My, but they were good to that man, forever inviting him to breakfast or that, and sending for him first thing if they were in a fix! It was all Afiola this, and Afiola that; and he got texts, too, from Mrs. Tweedie, and red worsted dogs, and "God Bless Our Home." By the time they had engineered him into shoes and pants, no one daring to laugh for fear he'd shoot them, they promoted him deacon, and put him on the committee for reroofing the church. Of all mutton-headed proceedings, I never saw the like, specially as he hoodwinked them right along, and acted worse, even, than before. You can imagine Captain Coe's feelings when, rounding up a three months' cruise, he found this six-foot-three of black devil and hypocrite snugged in the Mission house like a maggot in a breadfruit. They say he went on awful, speaking out the truth before them all, and daring Afiola to deny it. But Mrs. Tweedie she got him outside on the veranda, walking up and down with her arm through his, and pleading and going on and begging to beat the band. It shows the power she had over him, that at last he went in and asked Afiola's pardon, and the next day sent him a case of kerosene by way of reparation. I suppose if she had told him to go on his knees he would have done it, being that crazy to please her in everything.

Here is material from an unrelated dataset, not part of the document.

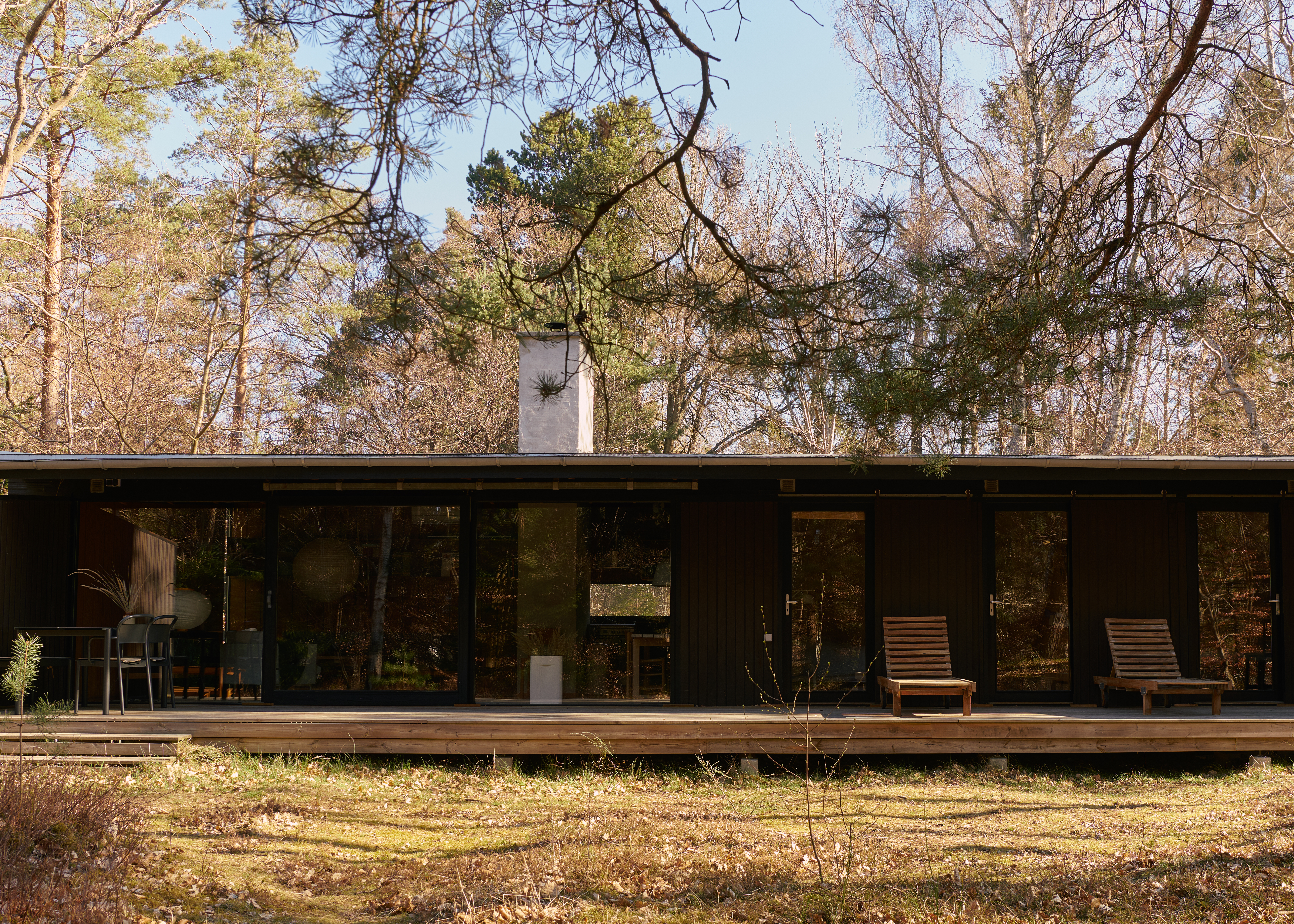 Encountering the minimalist one-story house on a hike through a pine forest in North Zealand, a mere 45 minutes outside of Copenhagen, Hesseldahl and her partner felt it was love at first sight. The dark brown exterior, with its panoramic windows, turned towards south making the most of natural light, is emblematic to the heydays of Danish Modernism – sleek yet straightforward, deeply rooted in a holistic approach to architecture and design.

On second thoughts, however, and after hearing how Afiola had been kicking up, he went to the king and tried to stiffen him to take a stand against Afiola, volunteering to do the job himself, if supported, and proposing to exile the fellar to Makatea, and disperse the rest of the gang about the Group gratis in the Peep o' Day. He said otherwise he was afraid to leave Puna Punou with such a scoundrel loose, and threatened to write to Sydney for a man-of-war. But Maunga the king was a saphead and a coward, and he couldn't see it Coe's way at all; and not having the sense to keep his mouth shut, what does he do but traipse around the settlement, telling everybody what the captain said and wanted.